The 1999 Oscar Odds: Best Supporting Actress
Check out EW's odds for Kathy Bates, Judi Dench, Rachel Griffiths, and more
We have seen the future…and it’s time to take our crystal ball in for a tune-up. With some of the tightest races in recent memory, the 71st annual Academy Awards has even the most seasoned prognosticators playing 52 pickup with their tarot decks. Despite the cloudiness, we’ve managed to sift through the hoopla of critics’ prizes, secondary awards shows, and straight-up politics to fearlessly predict the fates of Gwyneth Paltrow, Steven Spielberg, Tom Hanks, Billy Bob Thornton, Shakespeare, and the rest of the nominees in all 24 categories. Should the events of March 21, 1999 surprise the entire world, we’ll throw up our hands like the rest of you. But should we prove uncannily correct, you know where to send a cut of those Oscar-pool winnings.
For Her: Even those who hated Primary Colors said Bates (the race’s sole Yank) deserved a nod for her portrayal of a gay, crazy, smart, doomed (is this part made for Oscar or what?) political dust buster. Plus, she gets sympathy votes for playing Adam Sandler’s ma in The Waterboy.
Against Her: Primary season was so long ago.
For Her: She let herself look — and sound — terrible as the tarted-up, blowsy blabbermouth of Little Voice; after this and Secrets & Lies, it’s clear that nobody does British basket cases (female division) better.
Against Her: Her miles-over-the-top performance has some voters grumbling that less would have been more.
For Her: As the sharp-tongued, sharper-minded Queen Elizabeth in Shakespeare in Love, she pretty much gave a master class in the art of screen acting, and she’s got residual respect from last year’s Mrs.

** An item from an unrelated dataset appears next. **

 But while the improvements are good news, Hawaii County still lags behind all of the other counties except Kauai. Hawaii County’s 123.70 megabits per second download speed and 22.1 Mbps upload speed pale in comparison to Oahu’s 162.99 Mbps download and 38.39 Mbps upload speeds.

Brown nomination.
Against Her: Blink and you miss her brief performance (but did anyone dare blink while she was on screen?).
For Her: In a category famous for its young surprise winners (Anna Paquin, Marisa Tomei, Juliette Binoche, to name a few), Griffiths’ understated and emotionally restrained work in Hilary and Jackie is exactly the kind of performance that can end up sneaking into the winner’s envelope.
Against Her: Rachel who?
For Her: Thirty-two years after her first nomination, well-regarded Hollywood vet Redgrave took the smallish part of James Whale’s maid in Gods and Monsters, stole scenes from Ian McKellen(!), and won the Golden Globe.
Against Her: To some, her Edith Bunker-meets-Cloris Leachman-in-Young Frankenstein look barely skirted parody.
The Lowdown: Judi, Judi, Judi (but don’t say we didn’t warn you).